At the same time we had the idea to make a Hag-D2-Strep construct which would give us flexibility by coupling high value applicable proteins to streptavidin and further on build an extracellular complex of Flagellin with chimeric streptavidin protein (for further information see the CancerSURF project).

The Hag-D2-Cup1 and Hag-D2-Strep were integrated into B. subtilis via homologous recombination by using again our modular pMAD system. Again motility assays were performed and these show similar results for Hag-Cup1 and Hag-D2-Cup1 though to our surprise the Hag-D2-Strep is wild type like in this assay (Figure 7).

Figure 7: Motility assays of the Hag-D2-Cup1 and the Hag-D2-Strep.
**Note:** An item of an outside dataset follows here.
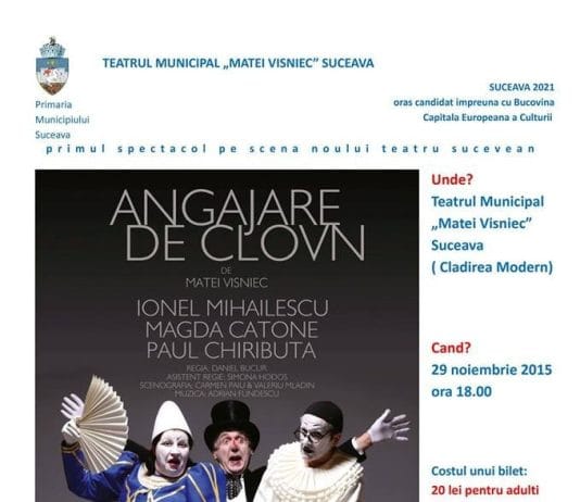 Spectacolul „Angajare de clovn” se va juca pe scena Teatrului Municipal „Matei Vişniec” Suceava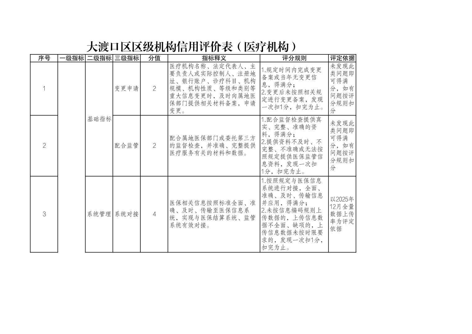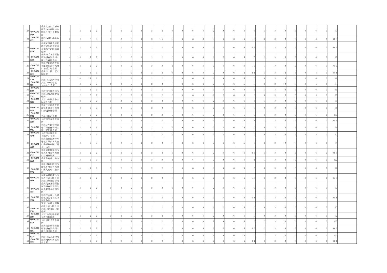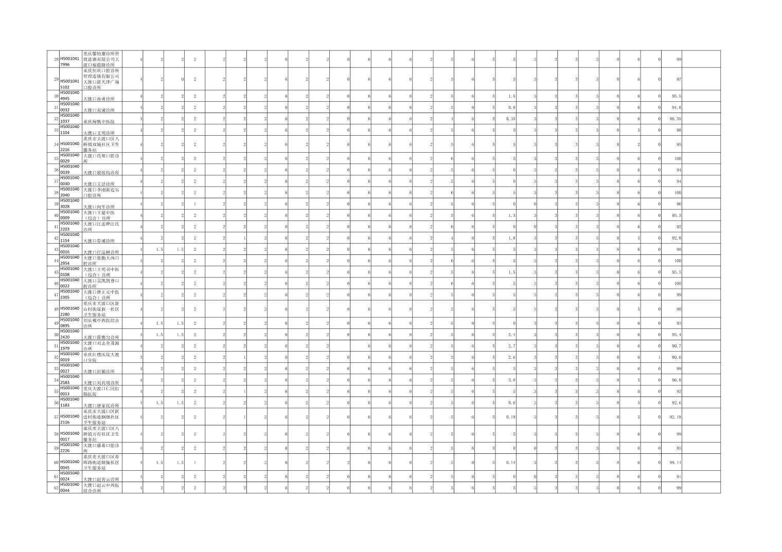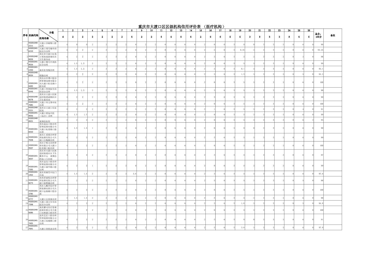 大渡口区级两定机构信用评价表(医疗机构)公示

This leads us to the question why does one construct show a wild type like phenotype but the other not. Therefore, we visualized the flagella by using uranylacetate negative stained electron microscopy (Figure 8). To our surprise we could show that the Hag-D2-Cup1 strain is able to build filaments though they look different to the wild type. They are much shorter and inflexible which might be the reason why we observed fragmented filaments. Astonishingly the Hag-D2-Strep filaments look like wild type filaments. Although we observed less filaments they seem to be functional. What might be the difference between Hag-D2-Cup1 and Hag-D2-Strep is part of further investigations.

Figure 8: Uranylacetate negative stained electron microscopy of B. subtilis (A) and engineered strains (B).

The successful engineering of the Hag-D2-Strep Flagellin is the corner stone for the success story of our CancerSURF project. In further investigations we plan to couple Cup1-Streptavidin to harvested Hag-D2-Strep filaments for our SilverSURF – this would directly optimize our approach for pollution reduction. Beyond that there is no need to use the GMO outside the laboratory. The recombinant proteins could be used directly so that there are no emerging safety concerns. Also the higher level of modularity allows us to couple every imaginable high value applicable protein to our filaments. There is no reason to use only one protein, we also plan to use different proteins coupled to streptavidin and bring them into close proximity by using the filaments as a scaffold for molecular crowding. There are unlimited high valuable applications for such a system to solve all kinds of challenges the humanity is faced with.


Altegoer, Florian; Schuhmacher, Jan; Pausch, Patrick; Bange, Gert (2014): From molecular evolution to biobricks and synthetic modules: a lesson by the bacterial flagellum. In: Biotechnology and Genetic Engineering Reviews 30 (1), S. 49–64. DOI: 10.1080/02648725.2014.921500.

Arnaud, Maryvonne; Chastanet, Arnaud; Débarbouillé, Michel (2004): New vector for efficient allelic replacement in naturally nontransformable, low-GC-content, gram-positive bacteria. In: Appl. Environ. Microbiol. 70 (11), S. 6887–6891. DOI: 10.1128/AEM.70.11.6887-6891.2004.

Moore, Charles M.; Gaballa, Ahmed; Hui, Monica; Ye, Rick W.; Helmann, John D. (2005): Genetic and physiological responses of Bacillus subtilis to metal ion stress. In: Molecular Microbiology 57 (1), S. 27–40, zuletzt geprüft am 16.10.2014.

Yonekura, Koji; Maki-Yonekura, Saori; Namba, Keiichi (2003): Complete atomic model of the bacterial flagellar filament by electron cryomicroscopy. In: Nature 424 (6949), S. 643–650. DOI: 10.1038/nature01830.